Scout's a light golden her mom was very light but her daddy was more gold.

This past show I went to there were quite a few redheads and they were doing well (AKC).


----------



## janine (Aug 8, 2009)

I love my big dark red boy Chester....and my little medium red boy Murphy.


----------



## LuckyPup (Sep 9, 2009)

I think Luck is in between too. He has a little red but he is more gold.


----------



## Ljilly28 (Jan 22, 2008)

We love all the colors around here!

TippyKayak's Comet, Andy, and Tally


----------



## AmberSunrise (Apr 1, 2009)

fostermom said:


> I have always considered Danny as red and Jasper as lighter, but people tell me all the time that they look identical (obviously not to me). But I have seen true red dogs who make Danny look blonde in comparison.
> 
> Here are Jasper and Danny playing together.


I would consider them both as mediums  My Casey when younger was sometimes mistaken for an Irish Setter (he is heavier now and is definitely all golden from his head to his tail) ,, so I now consider reds differently than before I had him. Here is a recent photo of him - a bit silvered now and not quite as glossy (thyroid issues) but still red


----------



## xmbenj (Jun 3, 2008)

Sucker For Gold said:


> Our first golden was a red head. We now have show type blondy.
> 
> Along with all the colors varience there also comes the varied body features like blocky heads (more common among show types and cremes) and the skinny sometimes pointed heads (more common in field types), and leg differences...shorter thicker legs (more common in show types) and thinner longer legs (more common in field types).
> 
> If I had to pick one favorite color or body type it would be very very hard to do. I just simply love all goldens....If I were a judge every golden would walk away with a blue ribbon.


 
i simply loved your comment, and t he thought that every goilden would walk away with a blue ribbon. so cute and a very wonderful thought


----------



## xmbenj (Jun 3, 2008)

Sunrise said:


> I would consider them both as mediums  My Casey when younger was sometimes mistaken for an Irish Setter (he is heavier now and is definitely all golden from his head to his tail) ,, so I now consider reds differently than before I had him. Here is a recent photo of him - a bit silvered now and not quite as glossy (thyroid issues) but still red


 
every photo that i see here seems to be perfect!!! makes me wanna love my dog more. when i signed up to this community my dog's life became happier. .
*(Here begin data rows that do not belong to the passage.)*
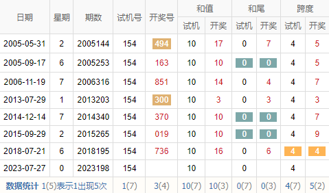 历史出现情况统计
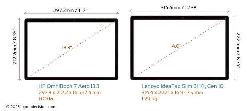 Audio JackBoth OmniBook 7 Aero 13.3 and IdeaPad Slim 3i 14 , Gen 10 are equipped with a 3.5mm Audio Jack, providing seamless connection to headphones and speakers.
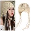 Женская вязаная крючком шапка, однотонная вязаная шапка в этническом стиле с кисточками, на шнуровке, ручная работа
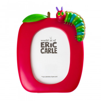 絵本「はらぺこあおむし」から飛び出してフォトフレームになりました。絵本に出てくるリンゴとあおむしが立体的に飾られています。家族の思い出や子供の成長を楽しめるフォトフレームです。
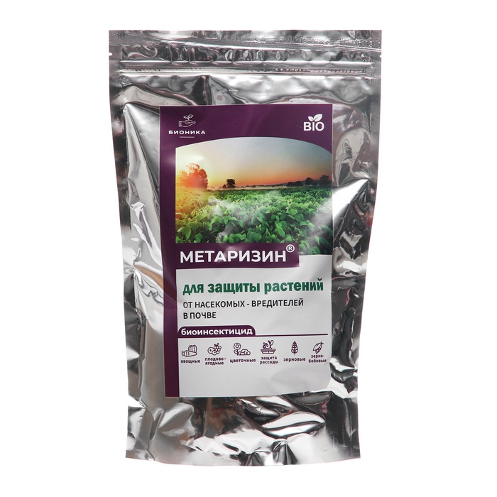 Габариты: 33 x 18 x 4 Страна: Россия В боксе: 20 шт Состав: См. на упаковке Материалы: см. на упаковке Фасовка: по 1 шт Индивидуальная упаковка: Без упаковки Сертификат: Не подлежит сертификации Вид средства: Инсектицид Область применения: От всех насекомых, От садовых вредителей Препаративная форма: Порошок Вид: БИОпрепараты Вес/Объём: 1 кг Способ нанесения: Опрыскивание, Полив Действующие вещества: Гриб (Metarhizium anisopliae) Тип пестицида: Контактный Средство от насекомых и вредителей. Отличительной особенностью данного гриба является способность проникать в организмы насекомых через кутикулу. Кутикула состоит из белков, хитина и липидов, и энтомопатогенный гриб Metarhizium anisoplie имеют высокую ферментативную активность для преодоления этого барьера и уничтожения почвенных вредителей. ПРЕИМУЩЕСТВА: - сроки выхода для проведения ручных работ не ограничены; - нет срока ожидания до сбора урожая; - высокая скорость воздействия; - обезвреживание в течение 10-12ч, гибель через 2-4 суток; период защитного действия препарата в течение всего сезона; - не вызывает резистентности (привыкания) у вредителей; - применим для выращивания органических овощей. НОРМА РАСХОДА ПРЕПАРАТА ДЛЯ ВСЕХ ВИДОВ КУЛЬТУР: - внесение в почву осенью под основную обработку почвы, в норме 5-15 кг/га; - внесение весной под предпосевную обработку почвы, в норме 5-15 кг/га; - обработка многолетних деревьев кустарников, методом закладки в лунки глубиной 25-70 см вокруг дерева с интервалом 1-1,5 м с последующим закрытием лунки почвой, в норме 10-20 г/лунка. РЕКОМЕНДАЦИИ ПО ПРИМЕНЕНИЮ: Препарат смешать с торфом, песком, органическими удобрениями разбрасывая по поверхности почвы, провести после этого заделки любым способом обработки почвы (культивация, вспашка, дискование и пр.). Для многолетних насаждений возможно внесение препарата в лунки. Для этого по диаметру кроны (или куста) делают лунки глубиной 25-70 см вокруг дерева с интервалом 1-1,5 м с последующим закрытием лунки почвой. В сухой почве эффективность препарата существенно снижается! Основные обработки рекомендуется проводить осенью и весной. Комментарии к товару
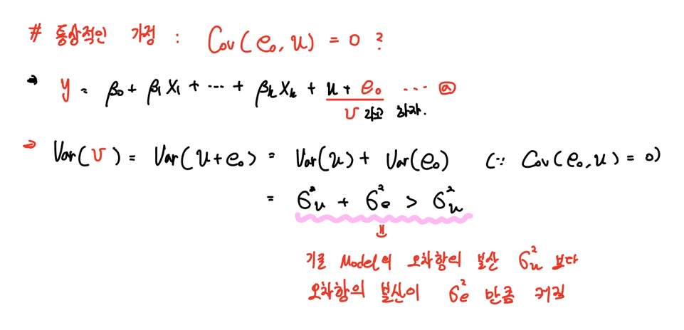 만약 Cov(u, e)가 0이 아니라면 분산은 더 커지게 되겠죠?

Looking at the poll, things are becoming interesting and I am thoroughly convinced that everyone here loves a golden regardless of their colors (maybe if theres a green golden we'll still love him/her). when we started it was obvious that lustrous goldens followed my cream are more popular, but now redheads are by a vote bigger than the creams, and of course the undisputable most popular color still the golden lustrous.  this community is so alive.


----------



## Pointgold (Jun 6, 2007)

xmbenj said:


> Wow those were quick ones! thank you for responding... Irish setters are lovely but i doubt if it can survive the tropical climate of my country.
> 
> to those shades of mahogany golden owners, please reproduce your babies more!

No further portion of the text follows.